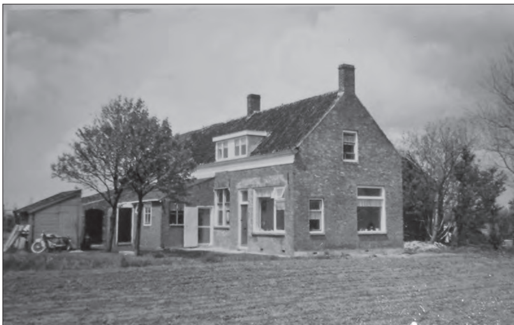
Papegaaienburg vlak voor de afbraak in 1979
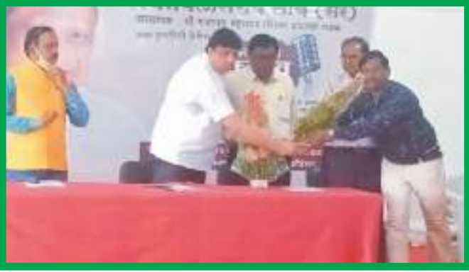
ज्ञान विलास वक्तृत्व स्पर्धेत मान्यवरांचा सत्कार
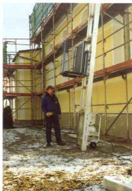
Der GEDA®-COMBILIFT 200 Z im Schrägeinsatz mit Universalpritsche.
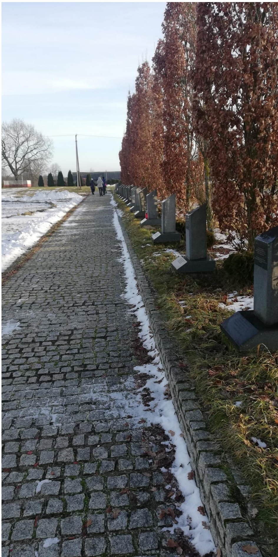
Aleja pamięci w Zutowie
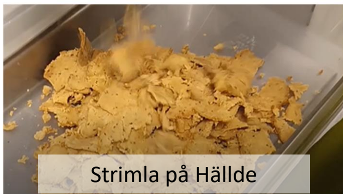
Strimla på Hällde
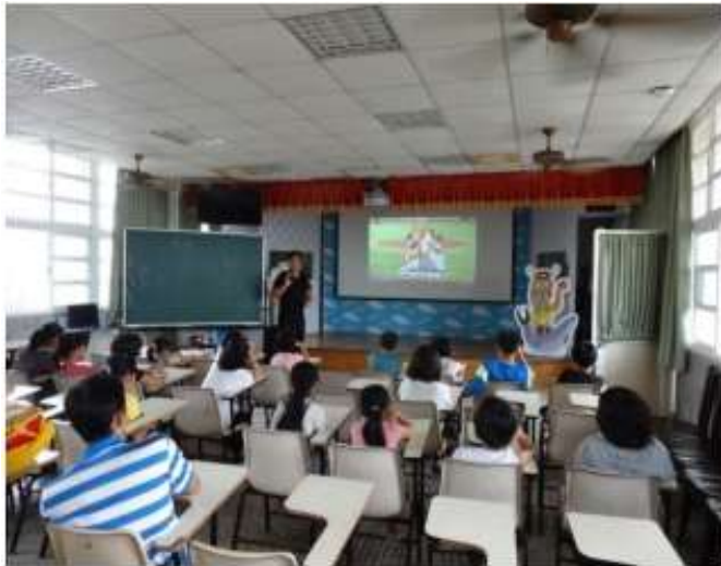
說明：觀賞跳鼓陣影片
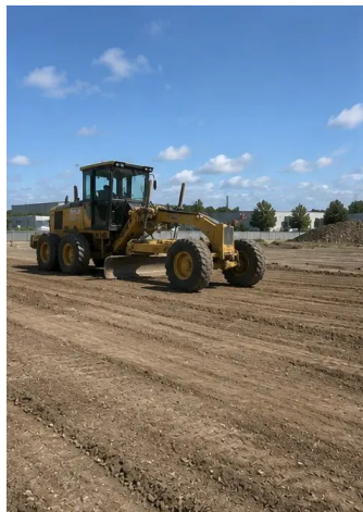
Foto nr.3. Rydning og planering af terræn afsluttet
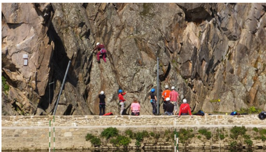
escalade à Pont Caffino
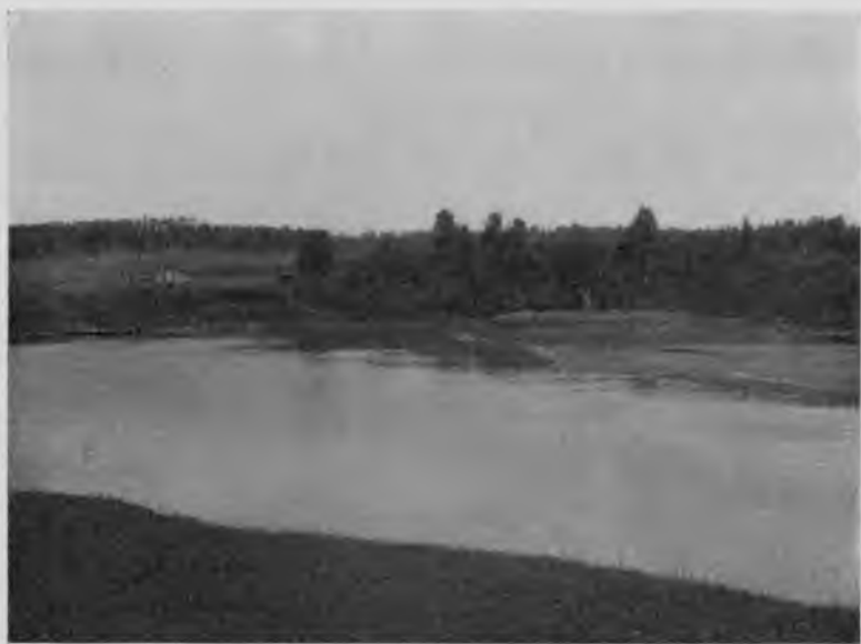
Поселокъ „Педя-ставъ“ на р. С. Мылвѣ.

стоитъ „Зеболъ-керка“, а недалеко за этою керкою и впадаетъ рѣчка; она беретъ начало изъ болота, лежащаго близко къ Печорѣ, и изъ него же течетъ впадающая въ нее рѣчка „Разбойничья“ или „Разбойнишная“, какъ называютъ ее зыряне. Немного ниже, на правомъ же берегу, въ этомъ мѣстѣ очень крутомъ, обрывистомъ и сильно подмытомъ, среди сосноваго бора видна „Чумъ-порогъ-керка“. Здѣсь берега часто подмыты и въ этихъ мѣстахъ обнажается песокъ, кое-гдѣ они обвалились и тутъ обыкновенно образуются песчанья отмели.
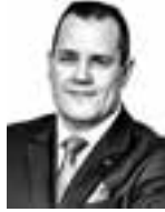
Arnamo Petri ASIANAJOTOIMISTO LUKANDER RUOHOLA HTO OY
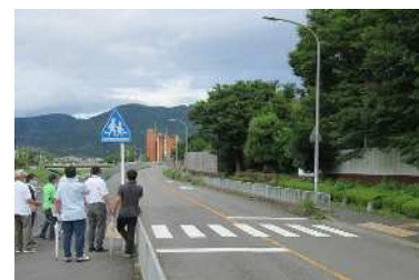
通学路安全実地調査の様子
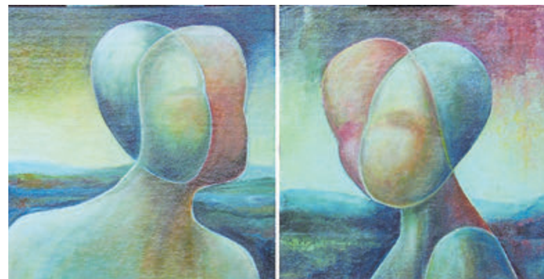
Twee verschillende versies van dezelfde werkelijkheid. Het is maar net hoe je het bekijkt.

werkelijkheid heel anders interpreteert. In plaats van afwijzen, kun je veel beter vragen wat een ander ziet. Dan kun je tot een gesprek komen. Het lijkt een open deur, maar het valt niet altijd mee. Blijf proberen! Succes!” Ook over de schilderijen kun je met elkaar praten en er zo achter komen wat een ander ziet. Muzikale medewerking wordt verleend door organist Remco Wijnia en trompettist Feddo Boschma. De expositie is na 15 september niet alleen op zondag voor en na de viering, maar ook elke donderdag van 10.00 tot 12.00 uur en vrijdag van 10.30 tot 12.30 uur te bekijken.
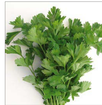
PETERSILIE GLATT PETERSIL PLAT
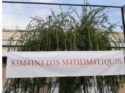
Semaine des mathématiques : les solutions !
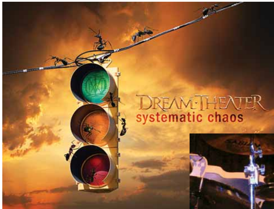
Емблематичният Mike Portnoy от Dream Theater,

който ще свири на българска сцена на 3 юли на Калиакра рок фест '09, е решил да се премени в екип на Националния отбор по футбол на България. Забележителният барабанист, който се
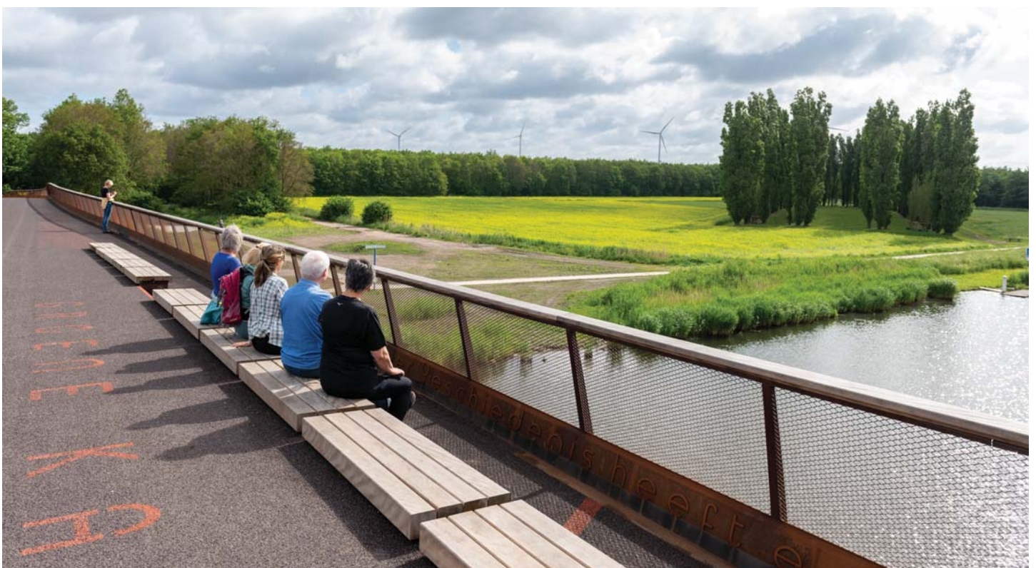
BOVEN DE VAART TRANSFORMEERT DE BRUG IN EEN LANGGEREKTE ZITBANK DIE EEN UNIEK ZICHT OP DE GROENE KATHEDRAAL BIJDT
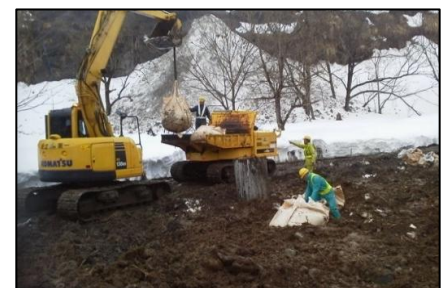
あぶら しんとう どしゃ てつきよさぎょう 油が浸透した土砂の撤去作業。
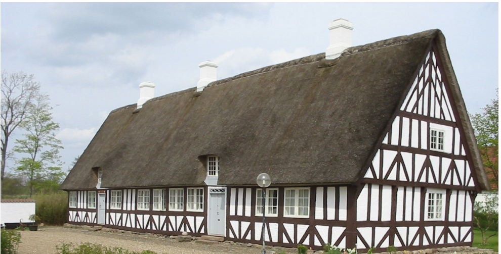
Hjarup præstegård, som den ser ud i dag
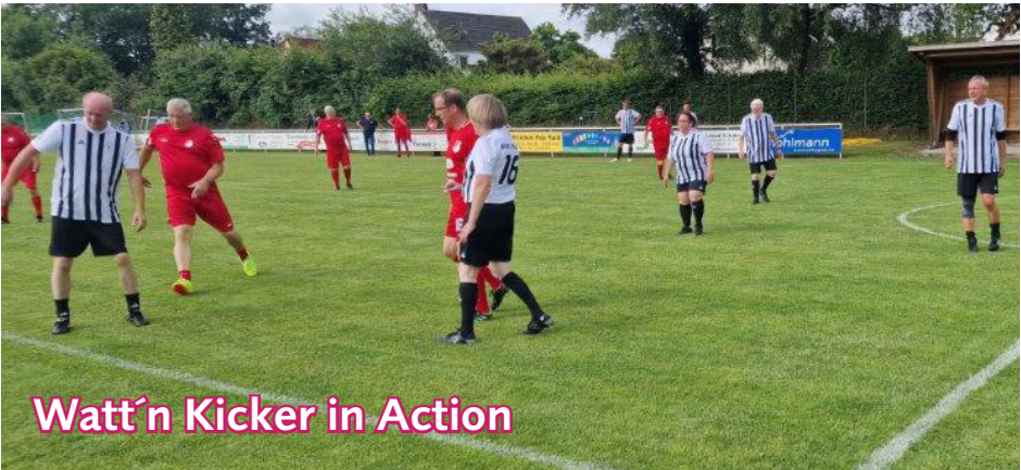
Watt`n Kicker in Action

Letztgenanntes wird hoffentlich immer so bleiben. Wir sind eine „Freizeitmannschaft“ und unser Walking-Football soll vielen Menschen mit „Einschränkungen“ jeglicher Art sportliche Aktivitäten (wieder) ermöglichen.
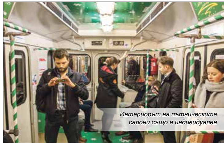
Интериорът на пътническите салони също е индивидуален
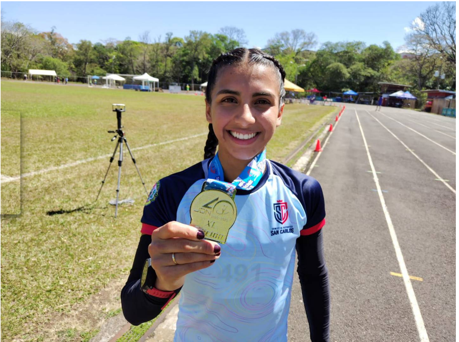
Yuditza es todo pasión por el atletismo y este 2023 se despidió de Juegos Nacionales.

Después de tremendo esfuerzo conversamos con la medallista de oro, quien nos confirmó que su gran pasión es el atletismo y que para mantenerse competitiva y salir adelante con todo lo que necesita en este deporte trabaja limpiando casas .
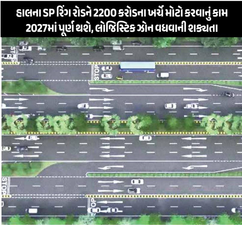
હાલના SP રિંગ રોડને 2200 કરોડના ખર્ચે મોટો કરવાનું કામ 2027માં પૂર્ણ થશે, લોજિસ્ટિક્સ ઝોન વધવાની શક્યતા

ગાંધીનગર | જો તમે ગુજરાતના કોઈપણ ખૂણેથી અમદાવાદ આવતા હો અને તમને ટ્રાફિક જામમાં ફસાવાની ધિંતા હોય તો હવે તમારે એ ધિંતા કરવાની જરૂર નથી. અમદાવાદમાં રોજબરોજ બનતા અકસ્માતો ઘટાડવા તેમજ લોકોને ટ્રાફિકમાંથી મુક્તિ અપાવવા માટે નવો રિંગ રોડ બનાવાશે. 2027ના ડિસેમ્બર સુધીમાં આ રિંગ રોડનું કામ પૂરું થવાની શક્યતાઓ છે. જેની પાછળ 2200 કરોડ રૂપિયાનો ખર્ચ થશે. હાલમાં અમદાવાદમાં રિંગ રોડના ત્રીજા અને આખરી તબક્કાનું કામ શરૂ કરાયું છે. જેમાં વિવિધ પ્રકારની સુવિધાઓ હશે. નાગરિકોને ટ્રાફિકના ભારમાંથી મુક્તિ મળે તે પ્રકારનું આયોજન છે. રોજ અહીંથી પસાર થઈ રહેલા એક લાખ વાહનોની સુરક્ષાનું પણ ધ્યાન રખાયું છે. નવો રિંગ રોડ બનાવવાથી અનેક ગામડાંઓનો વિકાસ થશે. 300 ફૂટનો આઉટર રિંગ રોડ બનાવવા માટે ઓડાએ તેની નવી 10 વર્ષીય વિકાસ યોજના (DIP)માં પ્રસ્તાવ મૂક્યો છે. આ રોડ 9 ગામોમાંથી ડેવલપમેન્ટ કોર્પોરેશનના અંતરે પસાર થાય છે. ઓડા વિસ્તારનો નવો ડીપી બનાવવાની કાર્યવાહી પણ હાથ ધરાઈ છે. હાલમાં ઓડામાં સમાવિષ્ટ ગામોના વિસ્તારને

^^^^^^^^

■ **Task to complete**: How many lines of the entries above include the word "todo"? Reply with the number alone.

■ **Your solution**: 2